The defense ministry realized there was not much else to do and placed the issue before the defense minister in May 2014 saying that there was no option left with them but to implement DACP.
But the armed forces remained opposed and were of the view that DACP should only be implemented for military doctors if the long standing demand of Non-Functional Upgradation (NFU) was accepted for other officers.
But DACP and NFU are different concepts, altogether.
While NFU has only been applied to Organized Group A Civil Services and has not been implemented for other Non-Organized Group A services or Commissioned Group A ranks of the military, DACP has already been granted to all doctors under the central government.
So while NFU has not even been recommended or implemented for the armed forces and only involved particular services, the DACP already stood granted to all doctors under the central government but has not been implemented for military doctors, because the military leadership has chosen to hold it hostage to recommendation and implementation of NFU.

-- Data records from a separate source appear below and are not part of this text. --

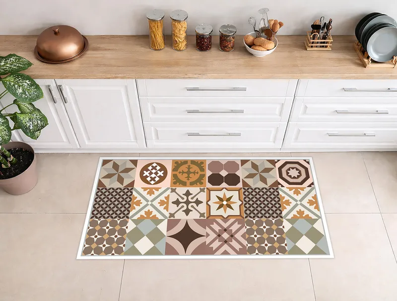 שטיח פי וי סי למטבח בעיצוב אריחים מצוירים בסגנון מרוקאי קלאסי
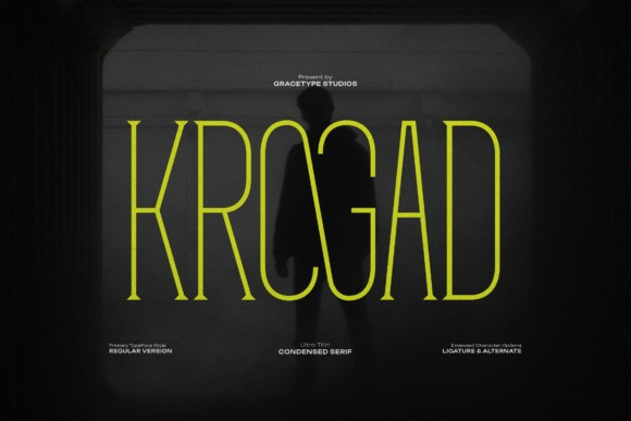 Krogad Font is a striking, ultra-thin, and condensed serif display font that exudes high-end luxury and dramatic architectural elegance. Its extremely tall and narrow structure, combined with sharp serifs and a delicate stroke weight, creates an immediate feeling of sophistication, tension, and high-fashion drama.
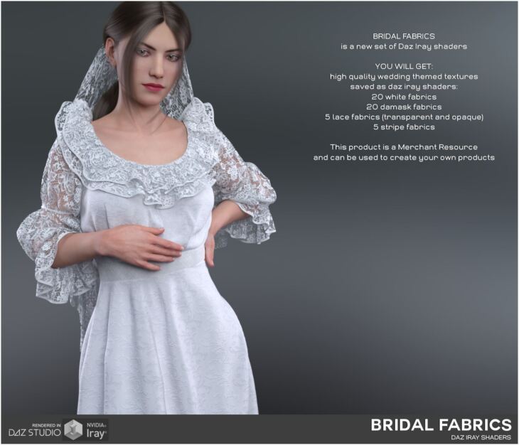 Daz Iray - Bridal Fabrics - high quality shaders for Daz Studio Iray.
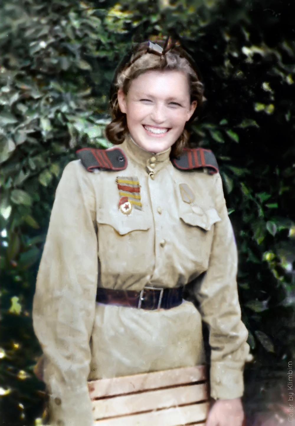 Трудно поверить, что у этой красавицы, с доброй, открытой, восхитительной улыбкой, три тяжёлых и одно лёгкое ранение. гв. сержант Малыгина Надежда Петровна, санитарка, 62-я танковая бригада.
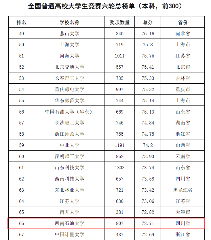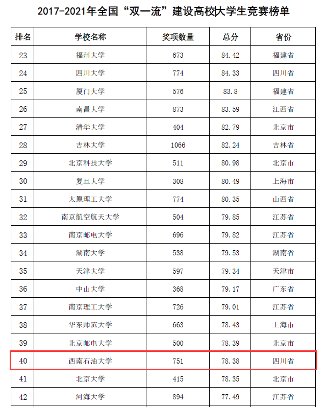 此外,在同步發布的2017-2021年全國普通高校大學生競賽榜單中,我校位列全國43,位列“雙一流”建設高校40,位列全國地方本科高校第8名;在第六輪總榜單(2012-2021年)中,我校位列全國66。各項排名較以往年度均創新高。
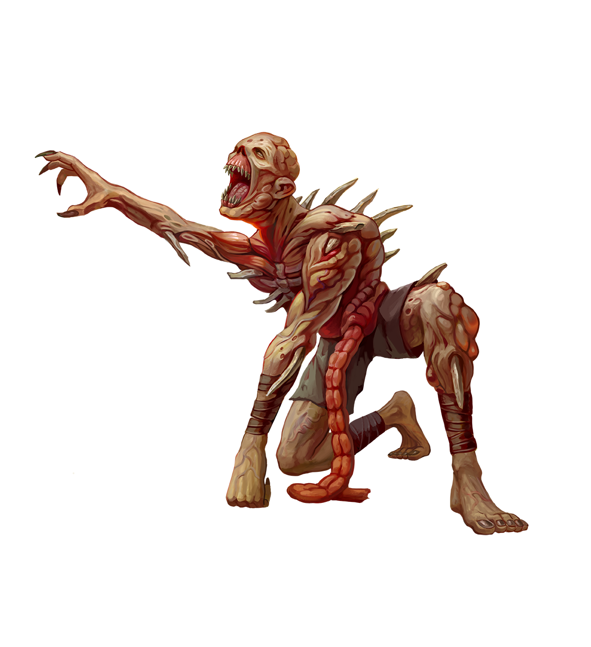 An unrisen is a mangled conglomeration of splintered bones, decaying organs, and rotting flesh, created when a ritual such as resurrect goes catastrophically wrong. Immense care must be taken, for if the ritual is a critical failure, an unrisen can be the result—as many a ritualist has learned to their horror.

In September, 2014, the Principal Bench of the AFT was informed that the defense minister had sanctioned DACP and it would be implemented within a period of four weeks.
Meanwhile, the COSC sent out a letter in October, after making a presentation to the defense secretary, saying:
In view of the serious command and control, functional and administrative problems which are likely to occur if DACP is implemented for AFMS officers, (Issues brought out in the ibid presentation), the recommendations of the Defence Forces on the issue are as under :-
(a) DACP to be granted to AFMS Officer (without promotion).
(b) Since NFU is not to be linked to implementation of DACP, all Defence Officers be granted
Concurrent Grade Pay Scheme (CGPS) simultaneously; wherein they will draw the same Grade Pay at 4, 9, 13 and 20 years of service as AFMS Officers; no extant parities with IAS/Group ‘A’ Officers will be disturbed.
(c) Resolution of Core Anomalies (incl NFU), applicable to Services (incl Doctors) to be examined concurrently by 7th CPC.
But at the next hearing, the defense ministry said the matter was pending with the new defense minister. The AFT then ruled that if DACP was not implemented by December 16, 2014, the tribunal would have to summon the highest authority.
But despite the Supreme Court order and the defense ministry statement recorded in the order of the AFT recognizing defense minister’s sanction to DACP, the armed forces remain intransigent in their refusal to allow the defense ministry to issue the sanction letter for DACP unless other anomalies related to the armed forces are resolved.
The COSC then moved a note to the defense minister that DACP should be held in abeyance, and scheduled a presentation on December 10, 2014 to convince Defense Minister Manohar Parrikar of this.
Following this, the AFT summoned the Defense Secretary R.K. Mathur to explain the ministry’s non-compliance himself on December 19, 2014.
With the defense secretary’s failure to present himself in front of the tribunal, the AFT has again summoned him on January 21, 2015, in case DACP is not implemented by then.
The armed forces and the defense ministry have forced litigation over an issue that should ordinarily not have been in contention, if they had implemented DACP after it was first issued in 2008.
Even now, six years later, the armed forces and the defense ministry continue to fight the implementation of DACP and violate Supreme Court rulings in this regard.
Perhaps, the defense minister could start reducing litigation by implementing DACP.